Reputation: 11
I've looked around for a solution and tried filtering my df to where the longitude and latitude are not null but to no avail. This is my first time using geopy package so maybe my error is stemming from that. I have a df that includes long/lat coords and I'm trying to attach city, state and country to each observation. When I limit my df to just the first 10 rows my code works like a charm.
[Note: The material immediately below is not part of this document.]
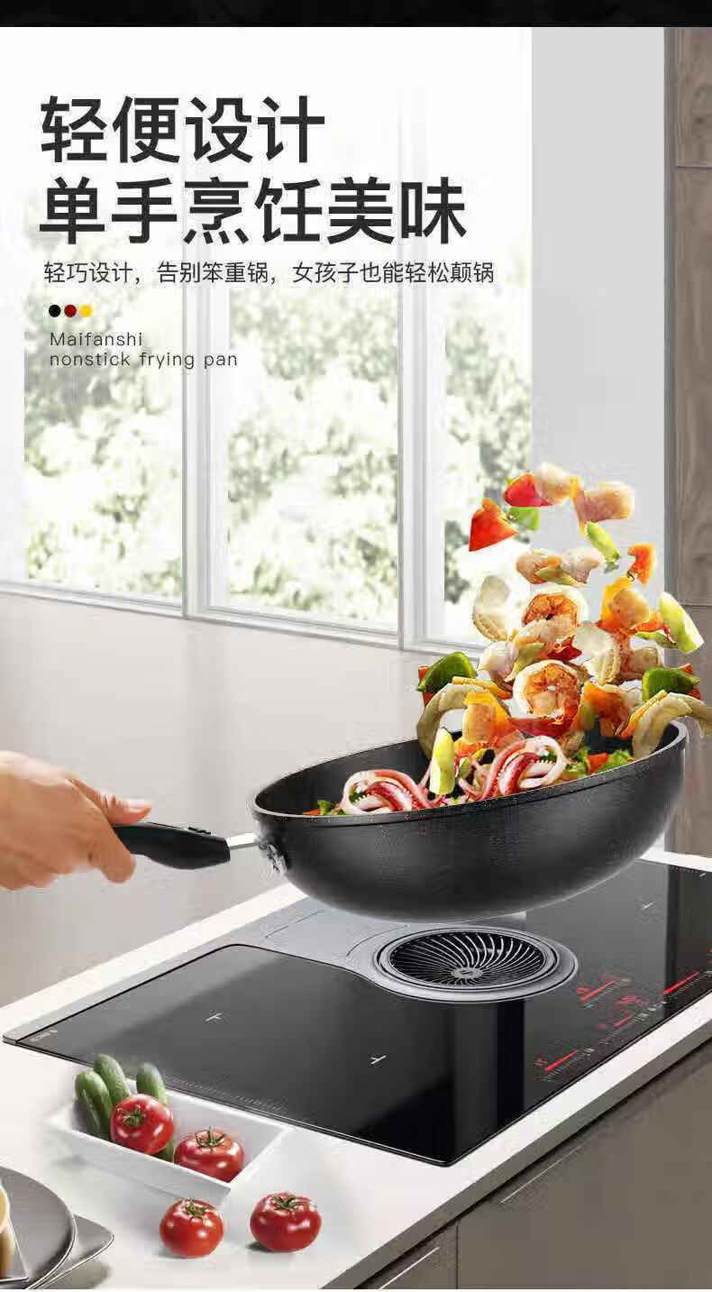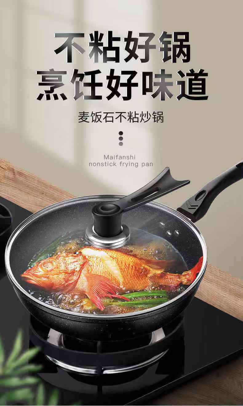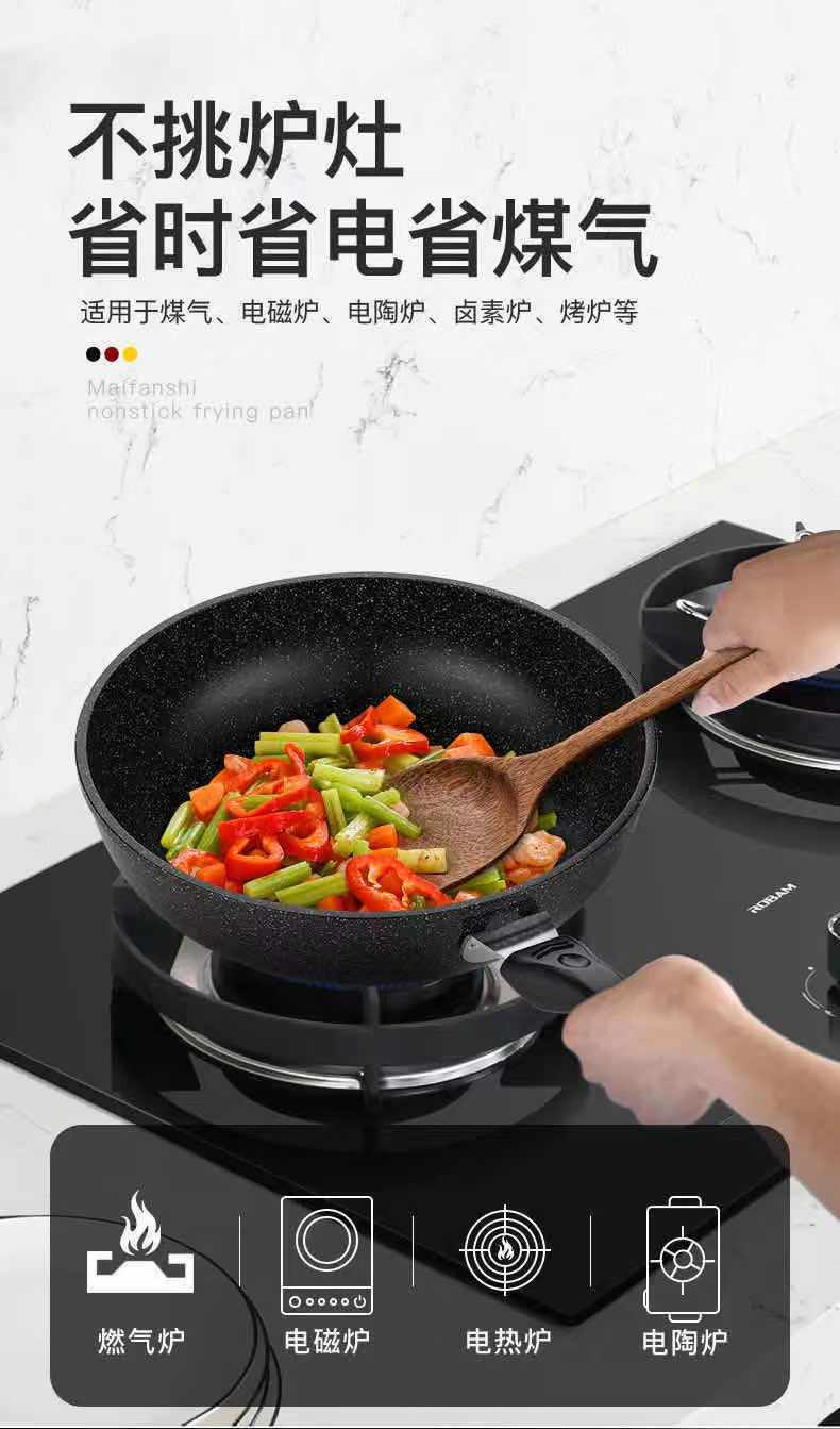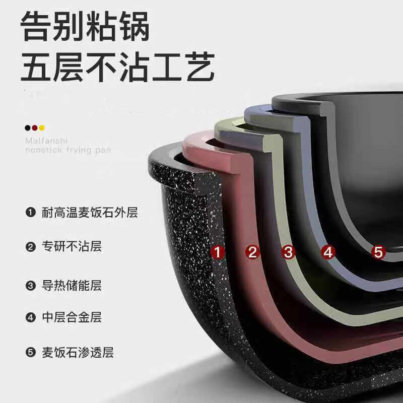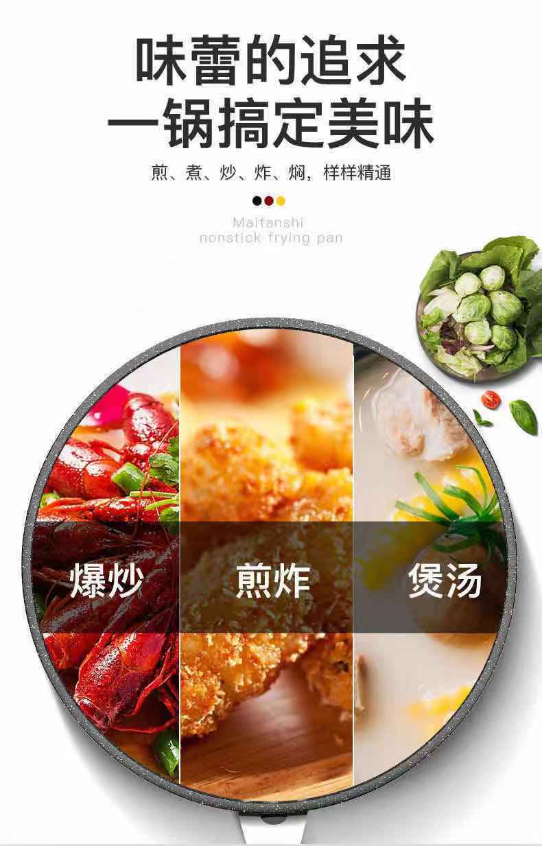 萌依儿麦饭石不粘锅炒菜锅家用平底铁锅无油烟炒菜锅具电磁炉燃气通用的 加厚+盖+洁布 34cm

When I apply it to the whole df(34,556 observations) I get this error code: 'NoneType' object has no attribute 'raw'.
from geopy.geocoders import Nominatim
geolocator = Nominatim(user_agent="geoapiExercises")
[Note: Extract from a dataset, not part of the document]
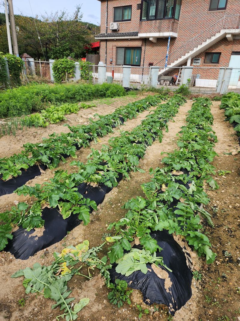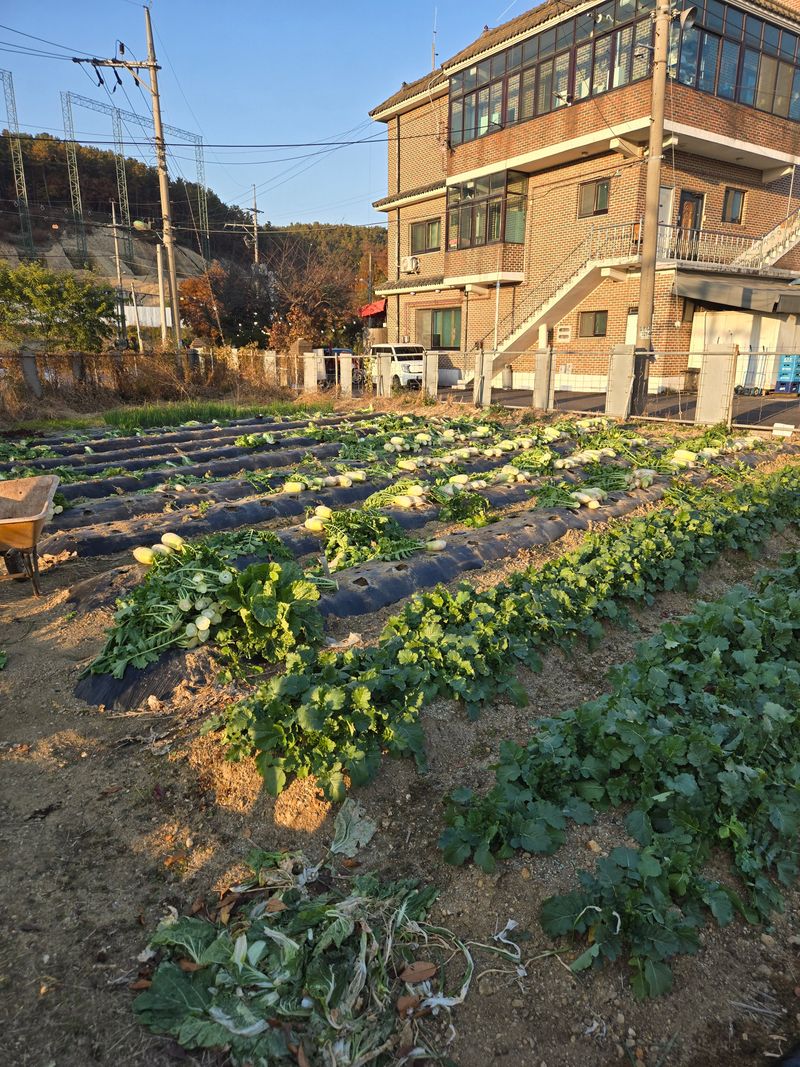 김장하려고 무우 배추 수확했어요 그리고 양파 마늘 심으려고 로타리치고 비닐 설치작업 했어요 아직 심지는못했네요

df_power_org = pd.read_csv('global_power_plant_database.csv', low_memory=False)
df_power_org = df_power_org[df_power_org.longitude.notnull()]
df_power_org = df_power_org[df_power_org.latitude.notnull()]
def city_state_country(row):
coord = f"{row['latitude']}, {row['longitude']}"
location = geolocator.reverse(coord, exactly_one=True, language='en')
address = location.raw['address']
city = address.get('city', '')
state = address.get('state', '')
country = address.get('country', '')
row['city'] = city
row['state'] = state
row['country2'] = country
return row
df_power_org = df_power_org.apply(city_state_country, axis=1)
Any advice is deeply appreciated.
Upvotes: 1
Views: 2185
Reputation: 13242
From geopy's documentation:
Nominatim
is free, but provides low request limits.
Digging a little deaper, Nominatim
's site states:
No heavy uses (an absolute maximum of 1 request per second).
It's likely that you're being blocked by Nominatim
for excessive requests.
If you want to use Nominatim
and follow their instructions, you can modify your code to pause after each request... this will take about 10 hours to do all 34k requests.
from geopy.geocoders import Nominatim
from time import sleep
geolocator = Nominatim(user_agent="geoapiExercises")
df_power_org = pd.read_csv('global_power_plant_database.csv', low_memory=False)
df_power_org = df_power_org[df_power_org.longitude.notnull()]
df_power_org = df_power_org[df_power_org.latitude.notnull()]
def city_state_country(row):
coord = f"{row['latitude']}, {row['longitude']}"
sleep(1)
location = geolocator.reverse(coord, exactly_one=True, language='en')
if not location:
# if you see many in a row, it's probably Nominatim blocking you.
# if it's just every once in a while, there were just some bad results.
print('Failed with coord: ', coord)
row['city'], row['state'], row['country2'] = None, None, None
return row
address = location.raw['address']
city = address.get('city', '')
state = address.get('state', '')
country = address.get('country', '')
row['city'] = city
row['state'] = state
row['country2'] = country
return row
df_power_org = df_power_org.apply(city_state_country, axis=1)
Upvotes: 2